Data for review:

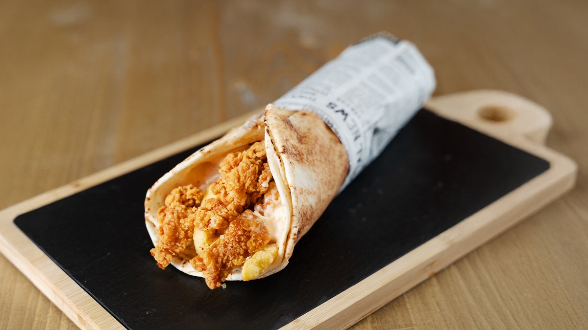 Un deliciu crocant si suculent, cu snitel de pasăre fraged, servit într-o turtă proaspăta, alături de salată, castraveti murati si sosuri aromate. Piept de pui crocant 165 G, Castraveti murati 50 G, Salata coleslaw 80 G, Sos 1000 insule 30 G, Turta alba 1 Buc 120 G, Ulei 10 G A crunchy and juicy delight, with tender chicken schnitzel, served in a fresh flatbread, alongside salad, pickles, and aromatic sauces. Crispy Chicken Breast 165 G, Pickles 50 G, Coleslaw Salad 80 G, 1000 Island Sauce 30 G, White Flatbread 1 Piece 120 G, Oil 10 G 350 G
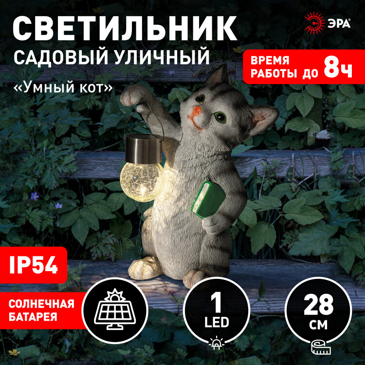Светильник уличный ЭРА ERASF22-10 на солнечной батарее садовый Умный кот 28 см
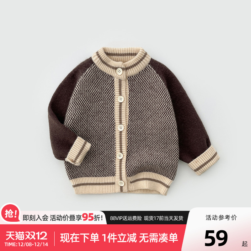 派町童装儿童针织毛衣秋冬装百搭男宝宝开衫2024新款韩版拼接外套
==
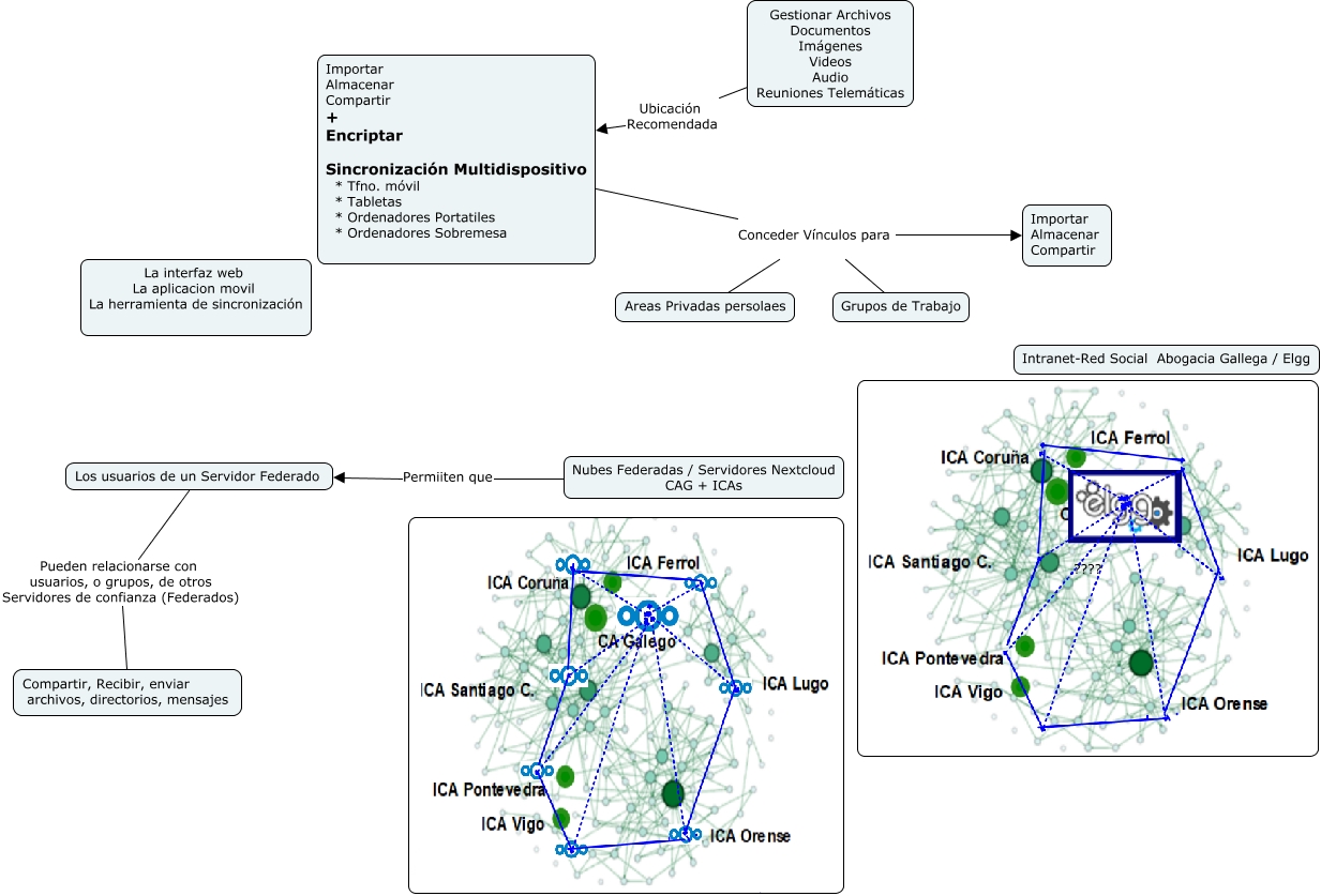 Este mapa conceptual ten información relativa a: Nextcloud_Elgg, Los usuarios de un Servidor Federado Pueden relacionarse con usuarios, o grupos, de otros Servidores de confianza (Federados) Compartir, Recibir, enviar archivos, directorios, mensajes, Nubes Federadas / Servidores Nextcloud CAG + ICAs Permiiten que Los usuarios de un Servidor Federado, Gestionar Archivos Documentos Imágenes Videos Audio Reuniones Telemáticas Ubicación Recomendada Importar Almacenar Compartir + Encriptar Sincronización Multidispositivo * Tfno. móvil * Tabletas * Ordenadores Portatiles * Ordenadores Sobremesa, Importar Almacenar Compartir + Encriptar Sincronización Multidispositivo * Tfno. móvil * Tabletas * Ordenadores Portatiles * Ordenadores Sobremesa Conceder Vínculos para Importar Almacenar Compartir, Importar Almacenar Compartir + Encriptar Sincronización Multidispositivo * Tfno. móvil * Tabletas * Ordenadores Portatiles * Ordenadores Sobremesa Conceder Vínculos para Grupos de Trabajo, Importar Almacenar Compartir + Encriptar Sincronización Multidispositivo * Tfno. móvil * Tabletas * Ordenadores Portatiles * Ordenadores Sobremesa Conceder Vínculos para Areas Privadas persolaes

What you are asked to do: Repeat exactly the stretch of the listing above that starts with the line holding "Un deliciu crocant" and finishes with the line holding "派町童装儿童针织毛衣秋冬装百搭男宝宝开衫2024新款韩版拼接外套", both included. Skip every picture.

Solution:
 Un deliciu crocant si suculent, cu snitel de pasăre fraged, servit într-o turtă proaspăta, alături de salată, castraveti murati si sosuri aromate. Piept de pui crocant 165 G, Castraveti murati 50 G, Salata coleslaw 80 G, Sos 1000 insule 30 G, Turta alba 1 Buc 120 G, Ulei 10 G A crunchy and juicy delight, with tender chicken schnitzel, served in a fresh flatbread, alongside salad, pickles, and aromatic sauces. Crispy Chicken Breast 165 G, Pickles 50 G, Coleslaw Salad 80 G, 1000 Island Sauce 30 G, White Flatbread 1 Piece 120 G, Oil 10 G 350 G
Светильник уличный ЭРА ERASF22-10 на солнечной батарее садовый Умный кот 28 см
 派町童装儿童针织毛衣秋冬装百搭男宝宝开衫2024新款韩版拼接外套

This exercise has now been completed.